Microsoft Builds Anticipation, Readiness for “Longhorn”

Gates called on hardware-makers to develop products that take advantage of all these innovations. He highlighted a range of investments that Microsoft is making to help industry partners deliver the advances enabled by “Longhorn” to their customers. Gates unveiled the following programs:

  • “Longhorn”-Ready PC Program. Microsoft announced guidance for hardware requirements for future “Longhorn”-Ready PCs. These hardware requirements include a modern CPU, 512 MB of RAM and “Longhorn” Display Driver-capable graphics. The “Longhorn”-Ready PC program will help customers make quality decisions when purchasing PCs before the release of “Longhorn.”

  • “Longhorn” Logo Program will designate products that are not only compatible with “Longhorn” but take advantage of new “Longhorn” capabilities.

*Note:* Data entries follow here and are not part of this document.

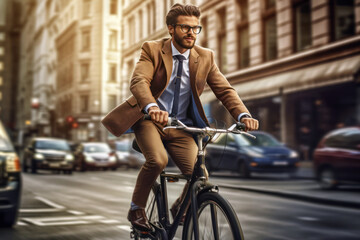 Stylish businessman riding bicycle on street
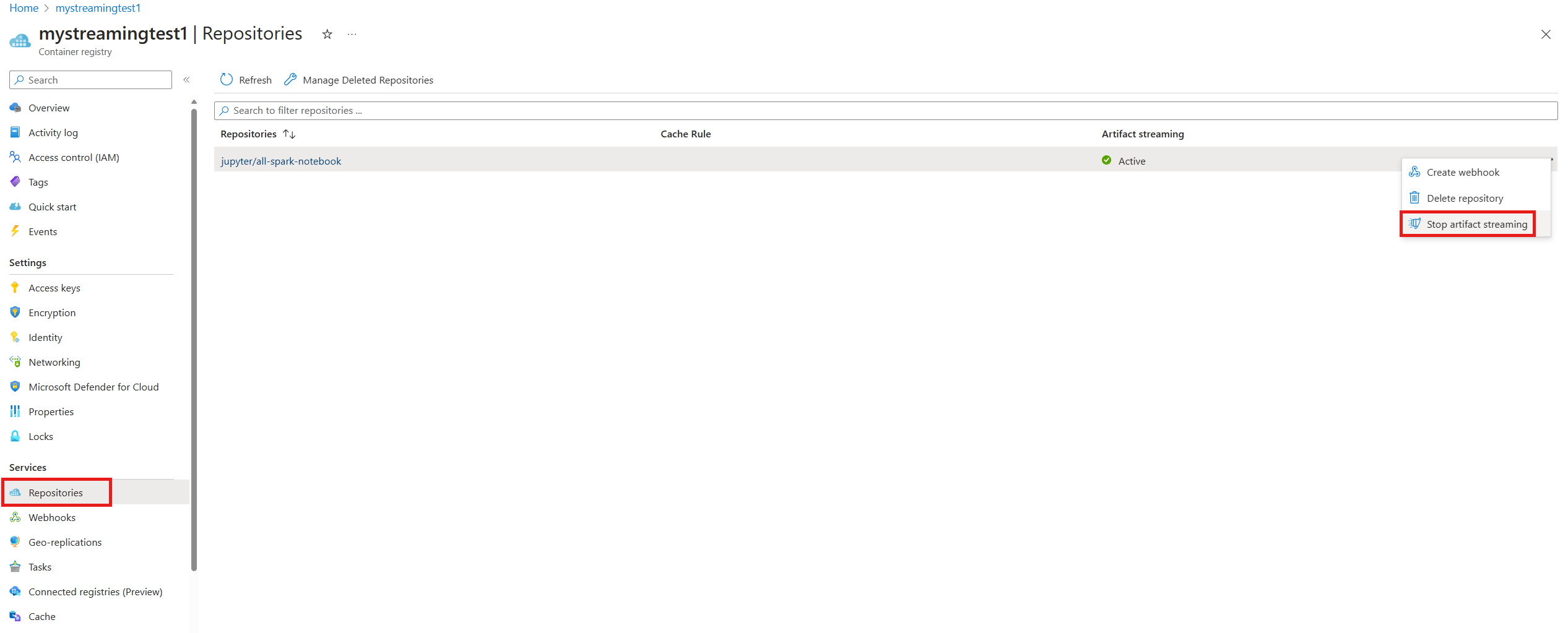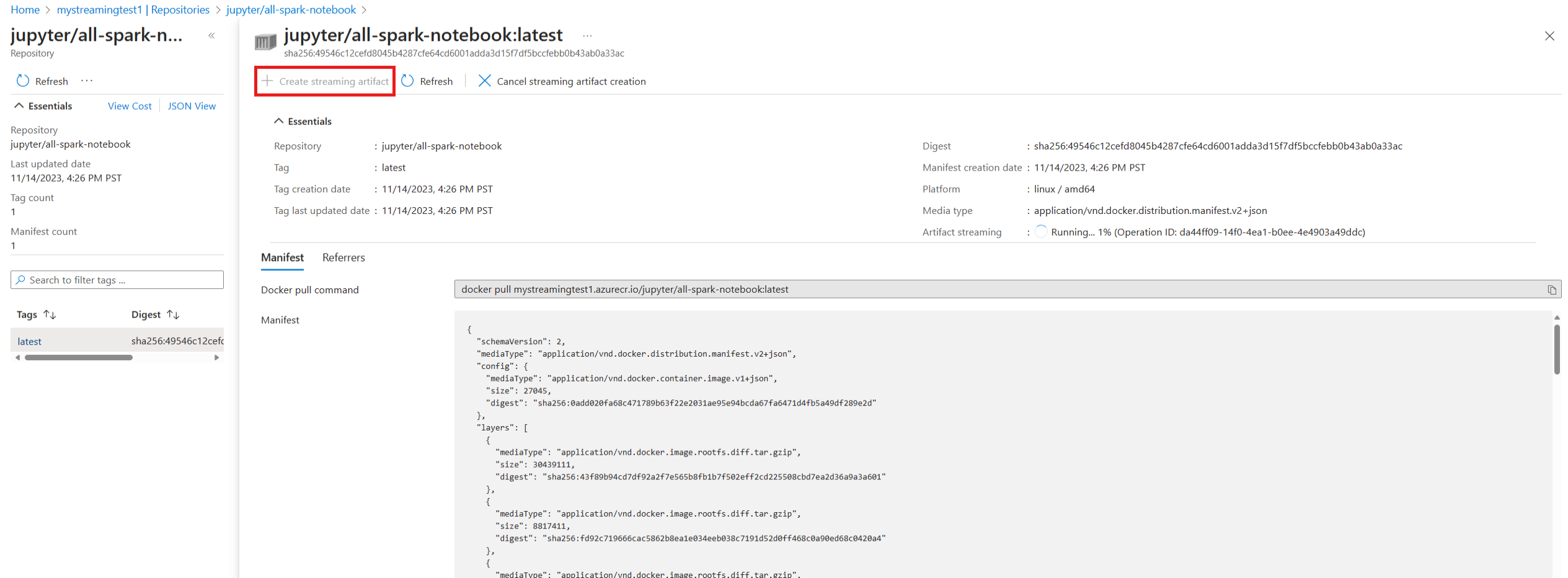 mystreamingtestACR.az configure --defaults acr="mystreamingtest" az acr import --source docker.io/jupyter/all-spark-notebook:latest -t jupyter/all-spark-notebook:latestCreate an artifact streaming from the Image
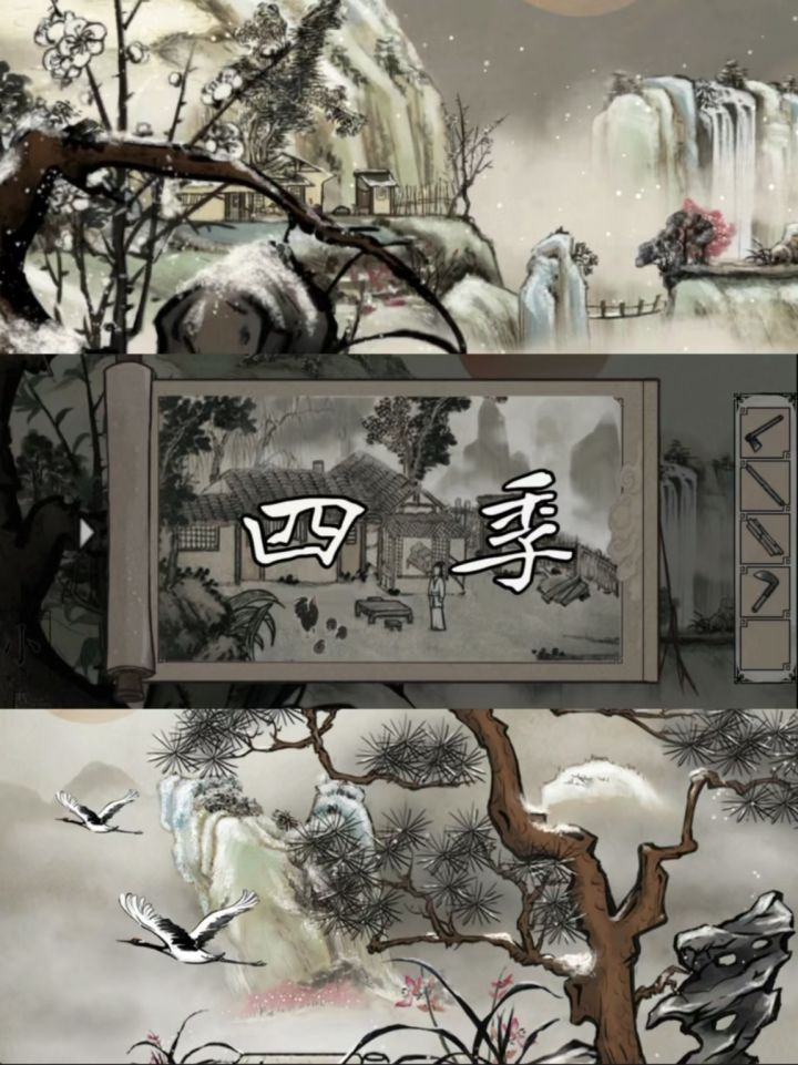 很少有人在提到中式解谜时会想到《四季》。这个游戏其实和《梦蝶》差不多是同时期的游戏(18/19 年),也具有类似的水墨画风(不过玩法不同)。-《四季》是一个点击式解谜游戏,解谜整体不难,场景以水墨画轴式展开,内容取材于《诗经》,春去秋来岁月斗转,一人独守待良人归来。虽然存在缺乏引导和剧情单薄这类问题,但它依然提供了一种关于中式解谜的可能性。-当然魂动的解谜游戏玩起来总能感觉得到,即使画风自

Qualifying for the new “premium” level logo will differentiate partner products with the clear, trusted promise of a great “Longhorn” computing experience and will be backed by Microsoft’s investments in high-impact marketing activities. Similar to the current Designed for Windows XP program, the “standard” level ensures products meet baseline standards for compatibility, reliability and security. Technical requirements for the new two-tier program are available today at http://partner.microsoft.com/gobal/winlogo.

  • Next-Gen Windows OS PC Design Competition. Microsoft and the Industrial Designers Society of America will spotlight developers of innovative PC designs in three categories: the Chairman’s Award, selected by Gates and his advisers; the Judge’s Award, selected by a distinguished panel; and the Public’s Choice, awarded to the finalist who receives the most votes on the Virtual Showroom Web page.

New Server Innovations Unveiled

Highlighting further innovation on the Windows platform, Microsoft also announced plans to release the public beta of Windows Server 2003 R2 shortly. In addition to the enhancements included in Service Pack 1, the updated release provides more options for connecting to and controlling identities and access management, managing branch servers, setting up and managing storage options, and developing applications inside and outside an organization’s traditional boundaries. R2 is scheduled to be available in the second half of 2005.